Patients were randomized 1:1 to receive either VYXEOS or 7+3. Patients could receive one or two inductions, and responding patients could receive one or two consolidations. First induction for VYXEOS was 100u/m2; days 1, 3, and 5 by 90-minute infusion and for the control arm was cytarabine 100mg/m2/day by continuous infusion for 7 days and daunorubicin 60mg/m2 on days 1, 2, and 3 (7+3). Second induction for VYXEOS-treated patients was 100u/m2 on days 1 and 3, and the control arm was cytarabine 100mg/m2/day by continuous infusion for 5 days and daunorubicin 60mg/m2 on days 1 and 2 (5+2).

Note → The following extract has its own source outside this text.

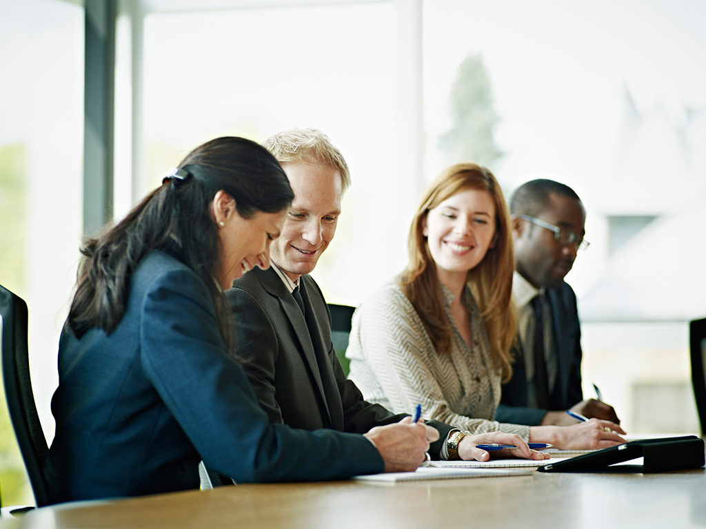 Men and women discuss meeting notes in boardroom
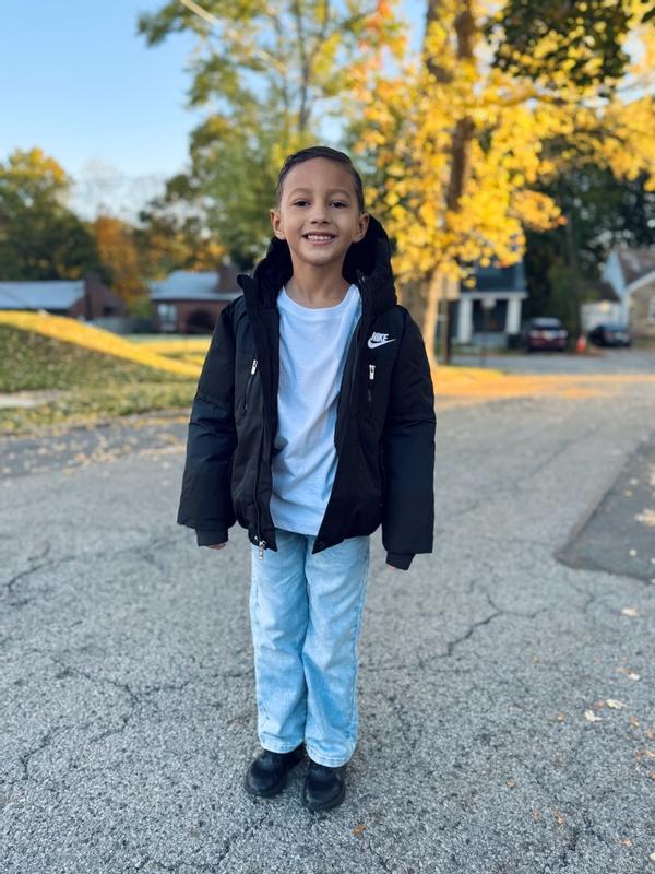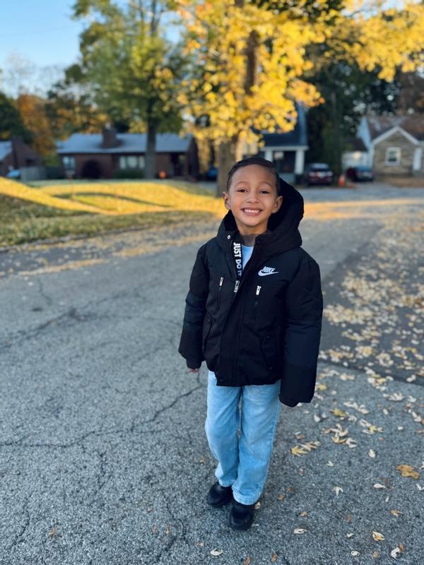 Thanks to Influenster and Nike, I received a Little Kids' Outdoor Jacket for free, in exchange for my honest opinion and review. The Little Kids' Outdoor Jacket has a great fit, water-resistant properties, and a stylish appearance. It is light and comfortable for everyday wear. While lightweight, it is great for layering over other clothes like hoodies or fleeces to provide more warmth in colder weather. The Little Kids' Outdoor Jacket has many features, including: - Attached hood; "Just Do It" graphic detail - Zip-front closure with snap placket - Logo details at left chest and back; color-blocked design - Two chest pockets; two hand pockets - Water-resistant weave fabric - 100% polyester - Machine wash - Imported

Only patients with documented CR or CRi were eligible to receive chemotherapy consolidation. Consolidation for VYXEOS-treated patients was 65u/m2 on days 1 and 3 and the control arm was cytarabine 100mg/m2/day by continuous infusion for 5 days and daunorubicin 60mg/m2 on days 1 and 2 (5+2).

About VYXEOS

VYXEOS (cytarabine:daunorubicin) Liposome for Injection, also known as CPX-351, is a nano-scale co-formulation of cytarabine and daunorubicin at a synergistic 5:1 molar ration. VYXEOS represents a novel approach to developing combinations of drugs in which molar ratios of two drugs with synergistic anti-tumor activity are encapsulated in a nano-scale liposome in order to maintain the desired ratio following administration. The FDA granted Breakthrough Therapy designation to VYXEOS for the treatment of adults with therapy-related AML (t-AML) or AML with myelodysplasia-related changes (AML-MRC). VYXEOS was granted orphan drug status for the treatment of AML by the FDA and the European Commission. VYXEOS was also granted Fast Track designation for the treatment of elderly patients with secondary AML by the FDA.

About AML

Acute myeloid leukemia (AML) is a rapidly progressing cancer of the blood characterized by the uncontrolled proliferation of immature blast cells in the bone marrow. AML is generally a disease of older adults, and the median age of a patient diagnosed with AML is about 67 years. The American Cancer Society estimates that there will be 19,950 new cases of AML and 10,430 deaths from AML in the U.S. in 2016. In Europe the number of new cases is estimated to be 18,000 and in Japan the number is 5,500. The Company estimates that nearly 70 percent of AML patients are over the age of 60, and approximately 75% are intermediate or high risk. Furthermore, approximately half of those patients are considered suitable for intensive treatment.

Even with current treatment, overall survival for AML is poor. In patients over 60 years of age, the 5 year survival rate is less than 10%. In high-risk (secondary) AML, overall survival is lower, resulting in an acute need for new treatment options for these patients.